WHAT IS BEING ASKED
Every entry needs to appear again exactly as written below.

=== GIVEN DATA ===

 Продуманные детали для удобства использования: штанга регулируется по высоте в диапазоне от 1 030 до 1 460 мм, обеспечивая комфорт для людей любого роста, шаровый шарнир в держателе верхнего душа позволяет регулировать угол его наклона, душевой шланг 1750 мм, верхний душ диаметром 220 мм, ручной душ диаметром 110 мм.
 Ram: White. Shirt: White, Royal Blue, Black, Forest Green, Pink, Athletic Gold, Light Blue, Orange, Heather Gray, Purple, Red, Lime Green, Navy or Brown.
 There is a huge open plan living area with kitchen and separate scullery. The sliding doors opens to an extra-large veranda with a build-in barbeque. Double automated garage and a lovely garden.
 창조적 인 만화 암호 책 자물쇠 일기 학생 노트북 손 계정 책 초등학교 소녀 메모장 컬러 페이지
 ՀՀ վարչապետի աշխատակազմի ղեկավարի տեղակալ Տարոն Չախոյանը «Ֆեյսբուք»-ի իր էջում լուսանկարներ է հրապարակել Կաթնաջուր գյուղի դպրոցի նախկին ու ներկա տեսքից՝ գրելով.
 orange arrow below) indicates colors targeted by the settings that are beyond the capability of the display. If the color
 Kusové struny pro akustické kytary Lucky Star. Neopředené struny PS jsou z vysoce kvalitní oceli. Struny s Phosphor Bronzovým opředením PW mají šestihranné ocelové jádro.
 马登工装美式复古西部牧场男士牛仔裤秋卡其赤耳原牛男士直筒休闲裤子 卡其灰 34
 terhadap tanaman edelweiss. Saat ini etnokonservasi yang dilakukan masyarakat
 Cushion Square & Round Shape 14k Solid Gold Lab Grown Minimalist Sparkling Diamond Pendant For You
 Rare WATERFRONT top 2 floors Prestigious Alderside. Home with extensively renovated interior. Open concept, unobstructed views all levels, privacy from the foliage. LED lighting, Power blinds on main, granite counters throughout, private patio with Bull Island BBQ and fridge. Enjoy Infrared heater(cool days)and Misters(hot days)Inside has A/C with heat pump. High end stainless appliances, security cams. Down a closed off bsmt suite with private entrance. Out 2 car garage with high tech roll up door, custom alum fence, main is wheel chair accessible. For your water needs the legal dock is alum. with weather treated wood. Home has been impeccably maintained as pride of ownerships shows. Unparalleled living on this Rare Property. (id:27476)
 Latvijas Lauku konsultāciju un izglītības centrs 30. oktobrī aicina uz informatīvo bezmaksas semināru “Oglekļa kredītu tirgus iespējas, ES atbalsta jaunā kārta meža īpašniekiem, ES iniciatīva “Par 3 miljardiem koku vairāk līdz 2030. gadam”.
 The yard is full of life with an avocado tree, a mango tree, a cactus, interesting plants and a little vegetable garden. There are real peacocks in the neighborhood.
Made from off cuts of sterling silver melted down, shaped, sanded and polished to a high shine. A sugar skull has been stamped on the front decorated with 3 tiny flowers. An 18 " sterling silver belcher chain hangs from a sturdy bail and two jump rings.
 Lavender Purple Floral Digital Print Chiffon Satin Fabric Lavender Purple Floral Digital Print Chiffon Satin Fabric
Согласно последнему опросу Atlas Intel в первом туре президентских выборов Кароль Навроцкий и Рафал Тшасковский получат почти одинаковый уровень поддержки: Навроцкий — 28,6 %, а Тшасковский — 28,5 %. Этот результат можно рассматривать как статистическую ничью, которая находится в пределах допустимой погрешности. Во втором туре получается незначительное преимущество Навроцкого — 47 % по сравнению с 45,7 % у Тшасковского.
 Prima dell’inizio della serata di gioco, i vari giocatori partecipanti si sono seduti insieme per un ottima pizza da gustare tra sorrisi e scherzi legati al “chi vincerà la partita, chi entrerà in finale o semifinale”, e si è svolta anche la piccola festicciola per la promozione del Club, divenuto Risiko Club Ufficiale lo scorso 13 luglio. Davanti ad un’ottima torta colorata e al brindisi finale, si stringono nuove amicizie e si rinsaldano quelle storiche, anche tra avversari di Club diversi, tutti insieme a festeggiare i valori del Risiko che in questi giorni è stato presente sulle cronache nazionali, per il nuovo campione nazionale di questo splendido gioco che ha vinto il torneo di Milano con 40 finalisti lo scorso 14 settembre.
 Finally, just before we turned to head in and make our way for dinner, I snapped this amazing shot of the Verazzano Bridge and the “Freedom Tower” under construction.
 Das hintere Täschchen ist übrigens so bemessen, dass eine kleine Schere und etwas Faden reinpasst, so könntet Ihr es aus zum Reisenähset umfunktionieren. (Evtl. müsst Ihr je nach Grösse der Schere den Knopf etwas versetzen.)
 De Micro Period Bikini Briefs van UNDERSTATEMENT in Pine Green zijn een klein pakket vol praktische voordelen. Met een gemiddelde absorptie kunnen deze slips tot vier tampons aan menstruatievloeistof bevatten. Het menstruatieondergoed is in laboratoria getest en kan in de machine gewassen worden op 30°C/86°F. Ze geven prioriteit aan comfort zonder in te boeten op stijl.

===

ANSWER SPACE
 Продуманные детали для удобства использования: штанга регулируется по высоте в диапазоне от 1 030 до 1 460 мм, обеспечивая комфорт для людей любого роста, шаровый шарнир в держателе верхнего душа позволяет регулировать угол его наклона, душевой шланг 1750 мм, верхний душ диаметром 220 мм, ручной душ диаметром 110 мм.
 Ram: White. Shirt: White, Royal Blue, Black, Forest Green, Pink, Athletic Gold, Light Blue, Orange, Heather Gray, Purple, Red, Lime Green, Navy or Brown.
 There is a huge open plan living area with kitchen and separate scullery. The sliding doors opens to an extra-large veranda with a build-in barbeque. Double automated garage and a lovely garden.
 창조적 인 만화 암호 책 자물쇠 일기 학생 노트북 손 계정 책 초등학교 소녀 메모장 컬러 페이지
 ՀՀ վարչապետի աշխատակազմի ղեկավարի տեղակալ Տարոն Չախոյանը «Ֆեյսբուք»-ի իր էջում լուսանկարներ է հրապարակել Կաթնաջուր գյուղի դպրոցի նախկին ու ներկա տեսքից՝ գրելով.
 orange arrow below) indicates colors targeted by the settings that are beyond the capability of the display. If the color
 Kusové struny pro akustické kytary Lucky Star. Neopředené struny PS jsou z vysoce kvalitní oceli. Struny s Phosphor Bronzovým opředením PW mají šestihranné ocelové jádro.
 马登工装美式复古西部牧场男士牛仔裤秋卡其赤耳原牛男士直筒休闲裤子 卡其灰 34
 terhadap tanaman edelweiss. Saat ini etnokonservasi yang dilakukan masyarakat
 Cushion Square & Round Shape 14k Solid Gold Lab Grown Minimalist Sparkling Diamond Pendant For You
 Rare WATERFRONT top 2 floors Prestigious Alderside. Home with extensively renovated interior. Open concept, unobstructed views all levels, privacy from the foliage. LED lighting, Power blinds on main, granite counters throughout, private patio with Bull Island BBQ and fridge. Enjoy Infrared heater(cool days)and Misters(hot days)Inside has A/C with heat pump. High end stainless appliances, security cams. Down a closed off bsmt suite with private entrance. Out 2 car garage with high tech roll up door, custom alum fence, main is wheel chair accessible. For your water needs the legal dock is alum. with weather treated wood. Home has been impeccably maintained as pride of ownerships shows. Unparalleled living on this Rare Property. (id:27476)
 Latvijas Lauku konsultāciju un izglītības centrs 30. oktobrī aicina uz informatīvo bezmaksas semināru “Oglekļa kredītu tirgus iespējas, ES atbalsta jaunā kārta meža īpašniekiem, ES iniciatīva “Par 3 miljardiem koku vairāk līdz 2030. gadam”.
 The yard is full of life with an avocado tree, a mango tree, a cactus, interesting plants and a little vegetable garden. There are real peacocks in the neighborhood.
Made from off cuts of sterling silver melted down, shaped, sanded and polished to a high shine. A sugar skull has been stamped on the front decorated with 3 tiny flowers. An 18 " sterling silver belcher chain hangs from a sturdy bail and two jump rings.
 Lavender Purple Floral Digital Print Chiffon Satin Fabric Lavender Purple Floral Digital Print Chiffon Satin Fabric
Согласно последнему опросу Atlas Intel в первом туре президентских выборов Кароль Навроцкий и Рафал Тшасковский получат почти одинаковый уровень поддержки: Навроцкий — 28,6 %, а Тшасковский — 28,5 %. Этот результат можно рассматривать как статистическую ничью, которая находится в пределах допустимой погрешности. Во втором туре получается незначительное преимущество Навроцкого — 47 % по сравнению с 45,7 % у Тшасковского.
 Prima dell’inizio della serata di gioco, i vari giocatori partecipanti si sono seduti insieme per un ottima pizza da gustare tra sorrisi e scherzi legati al “chi vincerà la partita, chi entrerà in finale o semifinale”, e si è svolta anche la piccola festicciola per la promozione del Club, divenuto Risiko Club Ufficiale lo scorso 13 luglio. Davanti ad un’ottima torta colorata e al brindisi finale, si stringono nuove amicizie e si rinsaldano quelle storiche, anche tra avversari di Club diversi, tutti insieme a festeggiare i valori del Risiko che in questi giorni è stato presente sulle cronache nazionali, per il nuovo campione nazionale di questo splendido gioco che ha vinto il torneo di Milano con 40 finalisti lo scorso 14 settembre.
 Finally, just before we turned to head in and make our way for dinner, I snapped this amazing shot of the Verazzano Bridge and the “Freedom Tower” under construction.
 Das hintere Täschchen ist übrigens so bemessen, dass eine kleine Schere und etwas Faden reinpasst, so könntet Ihr es aus zum Reisenähset umfunktionieren. (Evtl. müsst Ihr je nach Grösse der Schere den Knopf etwas versetzen.)
 De Micro Period Bikini Briefs van UNDERSTATEMENT in Pine Green zijn een klein pakket vol praktische voordelen. Met een gemiddelde absorptie kunnen deze slips tot vier tampons aan menstruatievloeistof bevatten. Het menstruatieondergoed is in laboratoria getest en kan in de machine gewassen worden op 30°C/86°F. Ze geven prioriteit aan comfort zonder in te boeten op stijl.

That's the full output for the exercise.